Texte de Marie-Sophie L’Heureux
Œuvre en papier de Claude Lafortune
Photo de Maxime Juneau – letatbrut.com

«Poutinodépendance»

«J’ai parfois besoin d’une poutine tous les deux jours. Ça peut sembler excessif, mais je deviens vite en manque», explique Amy, une Québécoise anglophone installée au comptoir de Mange-moi Poutinerie et bar à burgers, établissement qui sert la poutine au porc effiloché La Cochonne, récipiendaire du prix Meilleure poutine de Montréal en 2014.

«La poutine, c’est le crack de la bouffe», confirme Thierry Rassam, fondateur avec Na’eem Adam de la Semaine de la poutine de Montréal et de Toronto, événement tenu en février, au cours duquel est remis le prix mentionné ci-dessus.

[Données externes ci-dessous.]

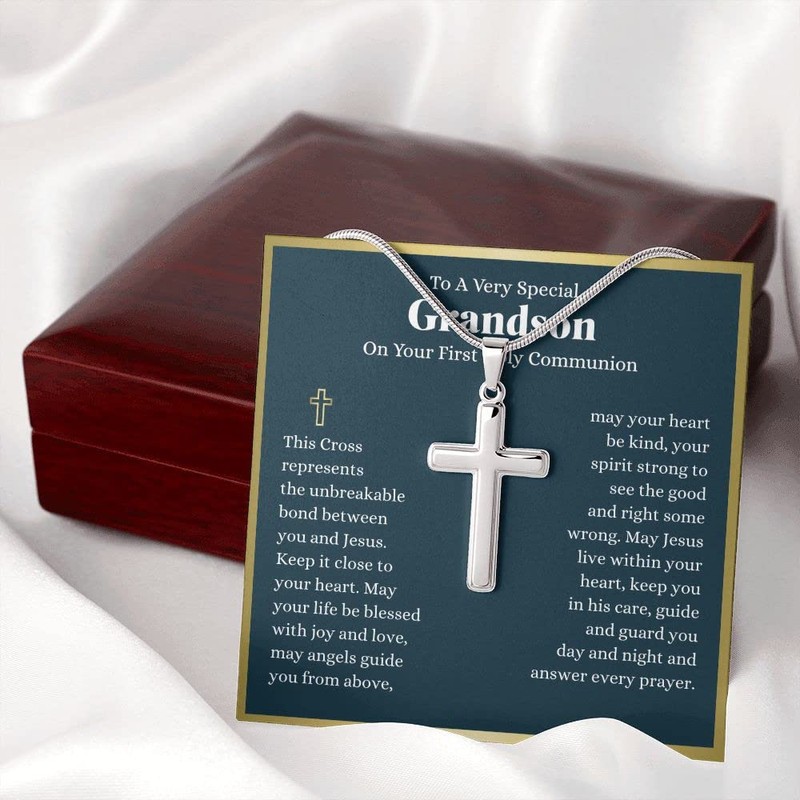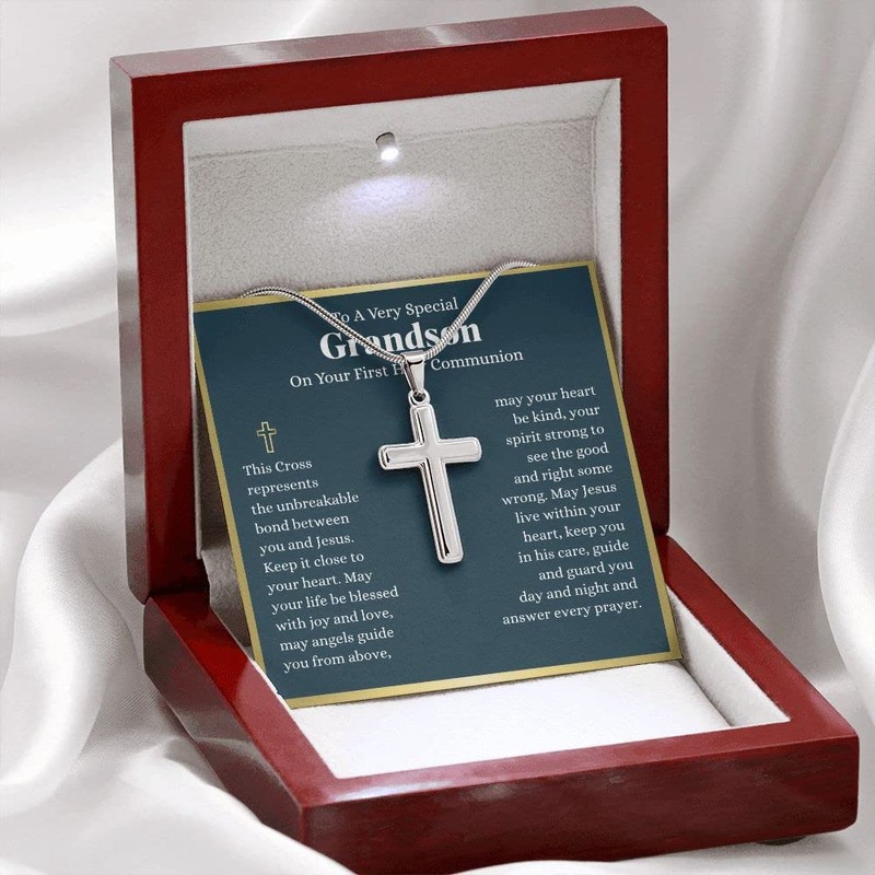 - Elegant Symbol: Delight your grandson on his special day with a beautifully crafted cross necklace, a meaningful First Holy Communion gift, symbolizing faith and love.
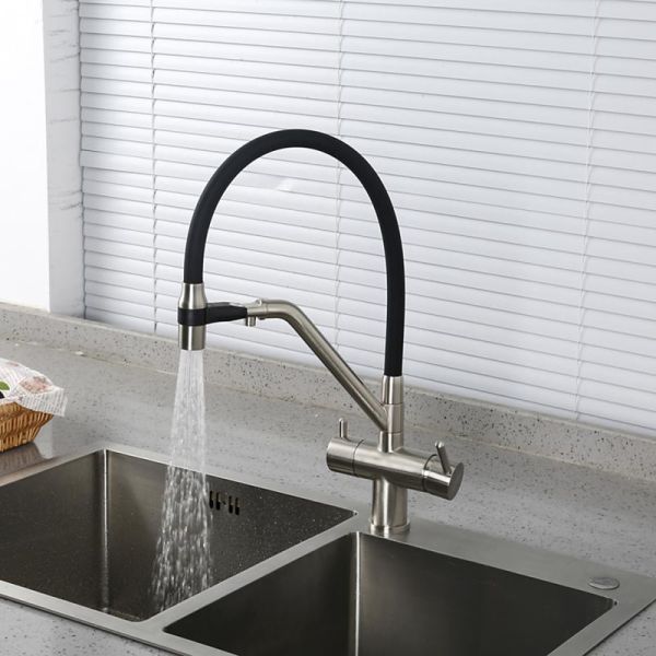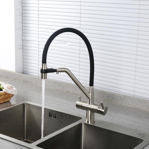 Смесители для кухни Gappo G4398-85 под фильтр с гибким изливом сатин/чёрный
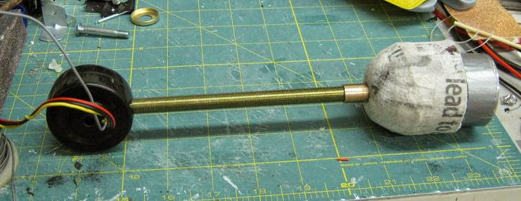 I drilled a hole and tapped into to the caster itself and drilled another hole at a 90 degree angle and threaded wire through to the eye. I originally thought that if I was able to do this then I could sort of unscrew the eye stalk for easier transportation. To be able to unscrew the stalk I need to be able to disconnect the wires but the act of unscrewing the tube twists the wires.
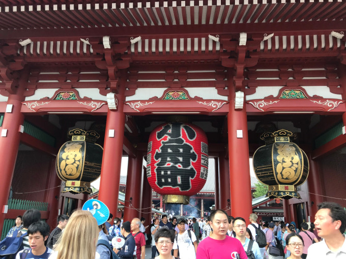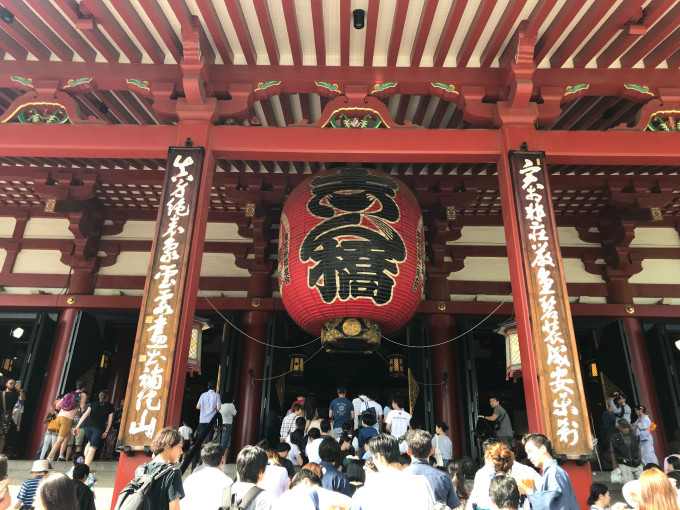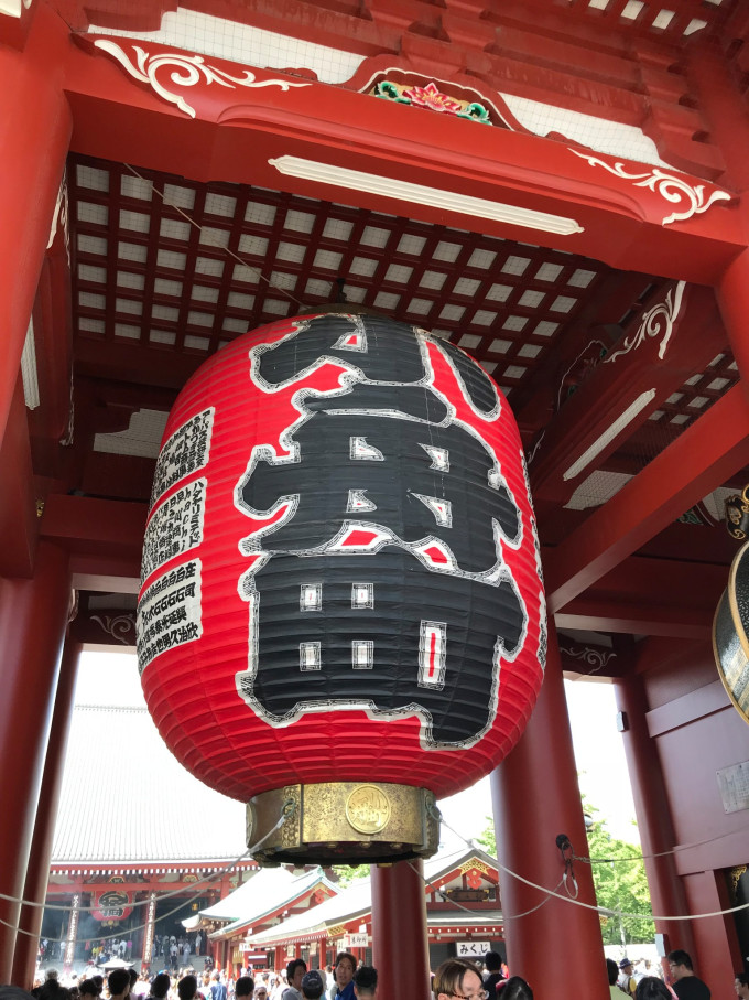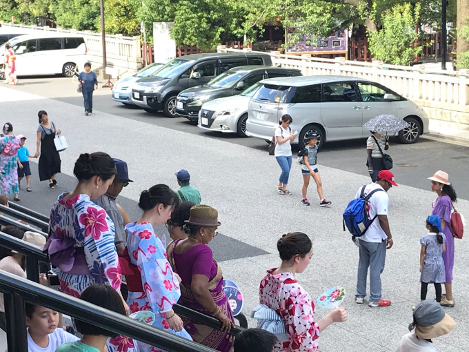 吃完饭,略作休息,前往东京游客打卡必到的浅草寺。浅草站下车后,谷歌地图提示约1.6公里,但是在大太阳底下,实际走了差不多二十多分钟,路上沿途看到花火大会指定席门票的广告,但是不知道怎么买在哪里买,也有东京都警视厅关于花火大会的交通提示。浅草寺周边环绕好几条商业街,挤挤挨挨全是游客,特别是当天因为有花火大会,穿着浴衣的女孩子络绎不绝,颜色鲜艳、装饰华丽的浴衣搭配盘起来的发髻,确实可以自动➕颜值20分,也给古老的寺庙增加了别样的风景,整个浅草寺周边都生动了起来。回到寺庙本身,浅草寺全称是金龙山浅草寺,别称浅草雷门观音寺。但是日本佛寺与国内有较大不同的是,神佛不分离,即寺庙中有神社,故浅草寺附近有浅草神社。这个特点直到明治维新后明治颁布神佛分离令以后才有所改变。还有一个区别是中国佛教寺庙主要是中轴式排列的七重伽蓝风格,重要特征是必须有山门、天王殿、大雄宝殿才能称为寺。但是日本寺庙往往占地面积较小,所以往往山门逼仄,没有天王殿,大雄宝殿规模也很小,供奉佛像既少且小,没有国内寺庙那么壮丽。 浅草寺最重要的建筑物是雷门、五重塔以及门前的仲见世商店街,但是都是六十年代复建的,并不是古迹。雷门以其那盏巨大的灯笼闻名,门前的甬道(日本将神社、寺庙前面参拜的甬道称为表参道或参道)成为了一条300米的商店街,贩售各种人形烧等小吃及纪念品。浅草寺内长年累月举办各种宗教活动,前来祈愿的人很多,寺庙也贩售各类御守。

«Tout le monde aime ce qui est gras et salé, souligne Marie Watiez, psychosociologue de l’alimentation et chargée de cours au certificat en gestion et pratiques socioculturelles de la gastronomie à l’Université du Québec à Montréal. La poutine, c’est comme la tartiflette des Français. Elle suscite une telle saturation de textures et de saveurs pour les papilles et le palais que le plaisir de la déguster s’en voit décuplé.»

Transgresser les normes

La poutine, outre son caractère festif, a quelque chose de réconfortant. «On tient la Semaine de la poutine en février pour cette raison, indique Thierry Rassam. Il fait froid, il y a encore beaucoup de neige et les gens commencent à être vraiment tannés de l’hiver. On apporte un petit quelque chose de joyeux à cette période creuse.»

Mais n’aime-t-on pas aussi la poutine parce qu’elle permet de défier les interdits alimentaires? «On se fait dire sans arrêt ce qu’il faut manger ou ne pas manger, note Thierry Rassam. On doit aller au gym, éviter la cigarette, manger ceci, mais pas cela… Quand on dévore une poutine, c’est l’instinct animal qui ressort. On se laisse aller à la décadence la plus totale.»

«La transgression est le caractère psychologique fort de la poutine, rapporte Marie Watiez. Plus un aliment est interdit, plus il est attirant. La poutine, c’est complètement à l’opposé des paradigmes alimentaires plutôt rigides des Français», ajoute la psychosociologue de l’alimentation, elle-même Française. «C’est une puissante transgression des normes nutritionnelles, et la transgression de la norme est l’élément central du plaisir.»

Keep calm and eat a poutine

Quand on a vraiment faim, on sait qu’une poutine nous comblera. «Il y a une forte anticipation de la satiété à l’idée de manger ce plat, précise Bernard Aurouze, directeur du centre de recherche de l’Institut d’hôtellerie et de tourisme du Québec. Dans la tête d’un Québécois, depuis des générations, la pomme de terre est associée à ce qui rassasie, tout en étant économique.» Et le fromage là-dedans? «Le fromage contient des protéines, explique-t-il. Le cerveau anticipe ainsi la satiété à partir de la combinaison fromage-sauce-frites.» Une satiété physique… et psychologique!

«Et sociale! d’ajouter Marie Watiez. La poutine rassemble puisqu’elle se partage bien. Chacun y va de sa fourchette dans l’assiette, après une soirée bien arrosée ou une compétition sportive exigeante appelant une récompense. C’est un geste très social que de manger une poutine.»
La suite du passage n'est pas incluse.